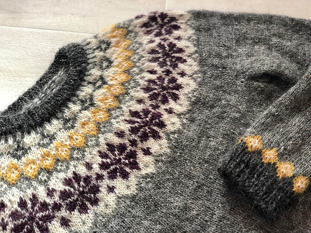 Le pull Hekla est un pull en top down, tricoté en rond sans couture. L'empiècement jacquard traditionnel mettra en valeur tes jolies laines ! Tu pourras retrouver un joli motif de rappel sur les manches et le bas du corps.
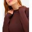 Cropped confeccionado em malha de poliamida canelada. A peça tem caimento ajustado, comprimento curto, sua gola é alta e as mangas longas além da barra possui acabamento pespontado.
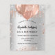 For an elegant 21st (or any age) birthday. A faux silver looking background. Decorated with rose gold and faux silver glitter drips, paint dripping look and balloons. Personalize and add a name, age 21 and party details. The name is written with a hand lettered style script
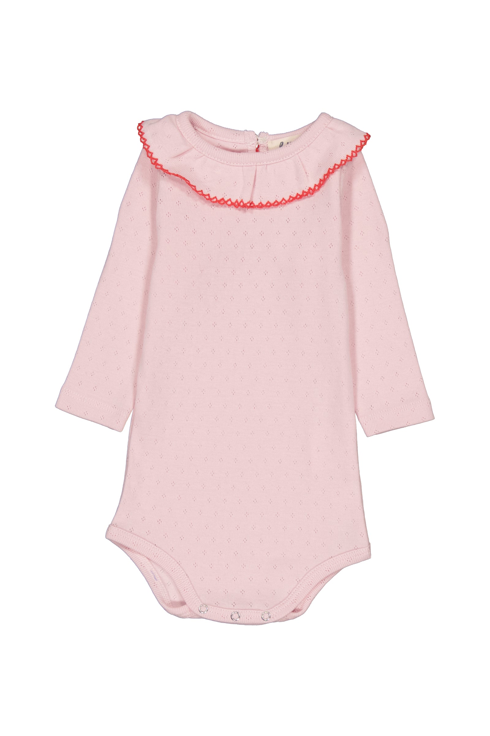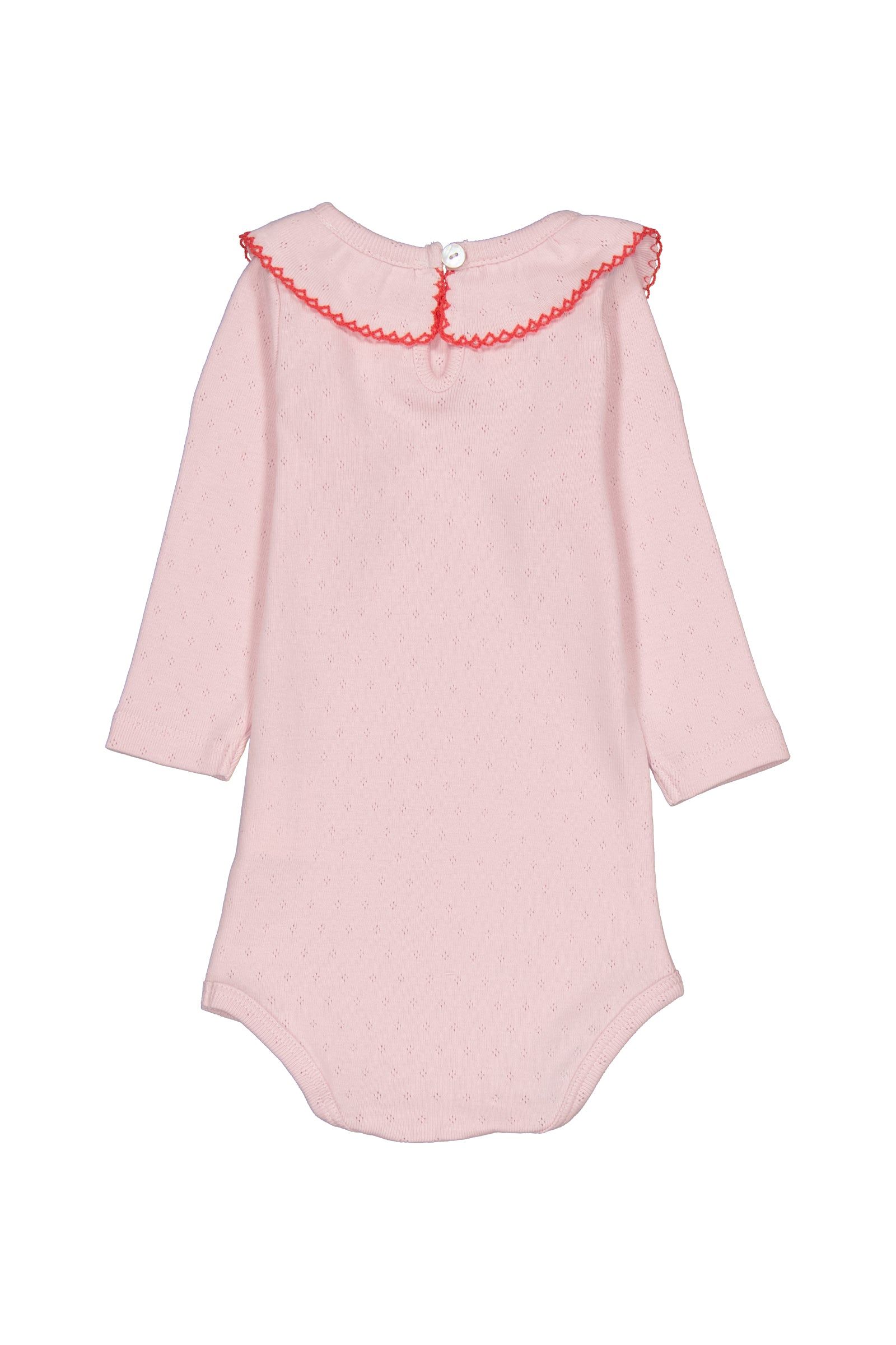 Pernille is our timeless baby bodysuit in organic cotton pointelle. We love its large ruffled collar with contrasting croquet finish. Buttons on the back. Snaps at crotch.
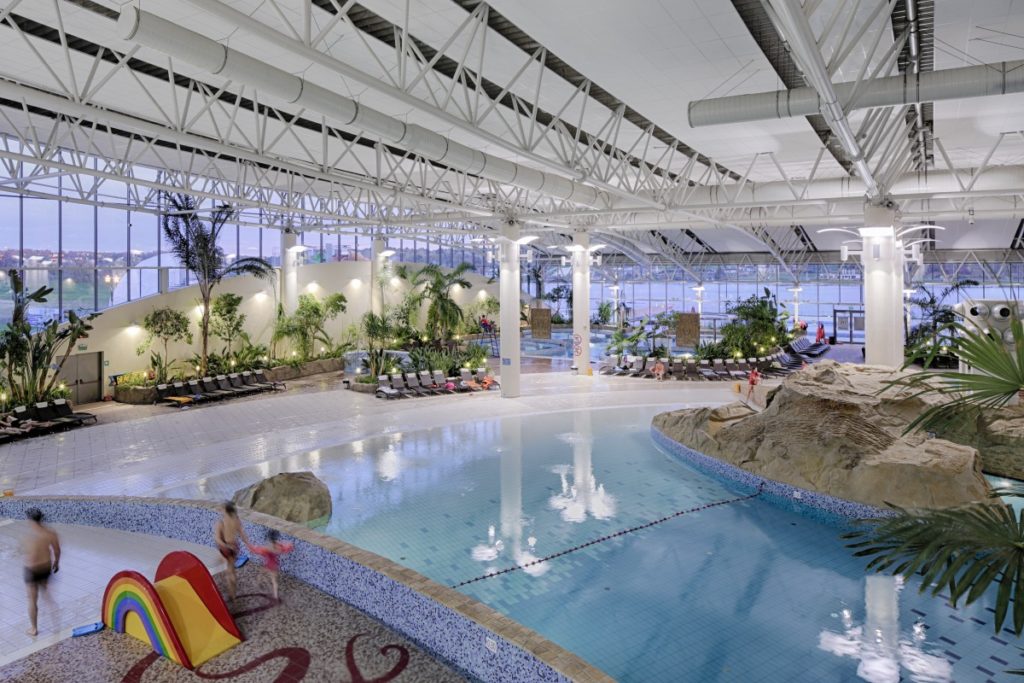 Комплекс порадует множеством различных бассейнов и горок. Для особо уставших предусмотрены сауны, а также комплекс Spa&Wellness.
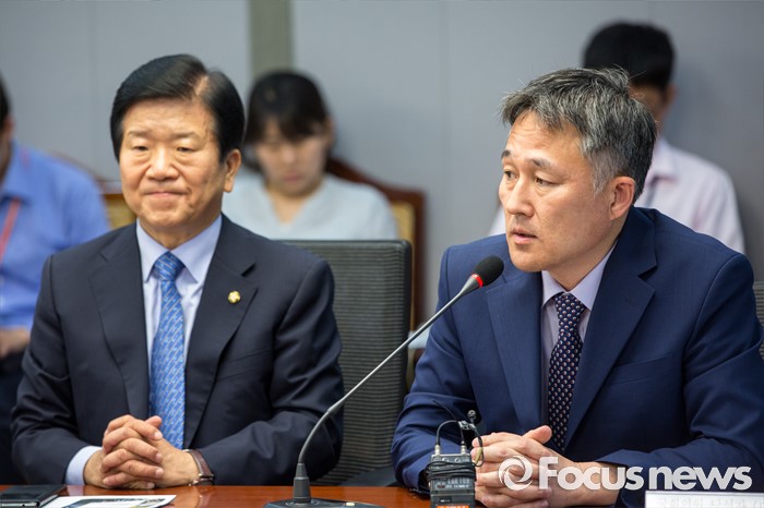 (서울=포커스뉴스) 표창원(오른쪽) 더불어민주당 당선자가 26일 오후 서울 여의도 국회의원회관에서 열린 '강남역 여성 살인사건의 원인과 대책 긴급 토론회'에 참석해 인사말을 하고 있다.
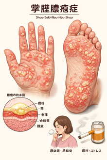 掌蹠膿疱症は、主として手掌(手のひら)や足跡(足の裏)に無菌性のブツブツ(小水疱や膿胞)が多数生じ、数日で乾燥してかさぶたになってはがれ落ち、また新たに生じるということが繰り返される慢性の難治性疾患です。若干、女性に多く、40~50代に発症のピークがあります。
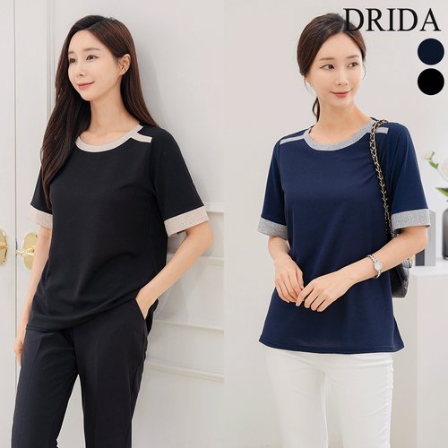 드리다 여성 여름 배색 쿨 빅사이즈 스판 티셔츠 40-50대 미시 중년여성 엄마옷 하객 상견례 출근 모임룩
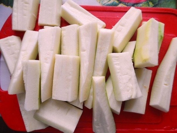 2. Кабачок нарезать на брусочки, предварительно вымыв его и очистив от кожуры и семечек (если кабачок молодой, то можно этого и не делать, а сразу его нарезать брусочками).
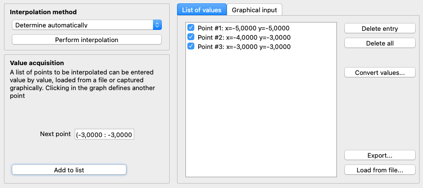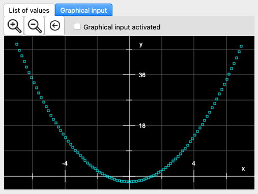 Individual values can be entered in the left-hand area and added to the list. Either a colon ‘:’ or a semicolon ‘;’ can be used as a separator. If only a number is entered, it is interpreted as an x-value. The corresponding y-value is automatically added and set to 0.
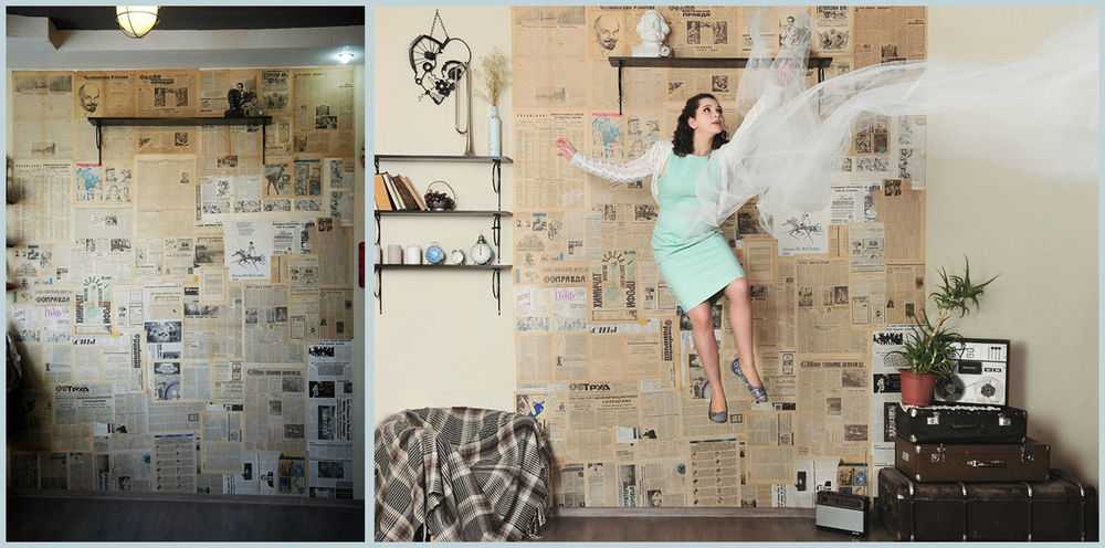 Газеты в итерьере — тема не новая, но и не слишком часто встречающаяся. Задавшись целью создать такую стену в фотостудии, я подобрала некоторые примеры удачного использования газет и печатных материалов в интерьере. Покажу их и расскажу о личном опыте от работы с данным материалом.
○ ○ ○ ○
- [INSTRUCTIONS FOR THE TASK]: Return the stretch of data that begins with the line showing "2. Кабачок нарезать" and goes on through the line showing "Individual values can", exactly, with pictures removed.

- [TASK OUTPUT]:
 2. Кабачок нарезать на брусочки, предварительно вымыв его и очистив от кожуры и семечек (если кабачок молодой, то можно этого и не делать, а сразу его нарезать брусочками).
 Individual values can be entered in the left-hand area and added to the list. Either a colon ‘:’ or a semicolon ‘;’ can be used as a separator. If only a number is entered, it is interpreted as an x-value. The corresponding y-value is automatically added and set to 0.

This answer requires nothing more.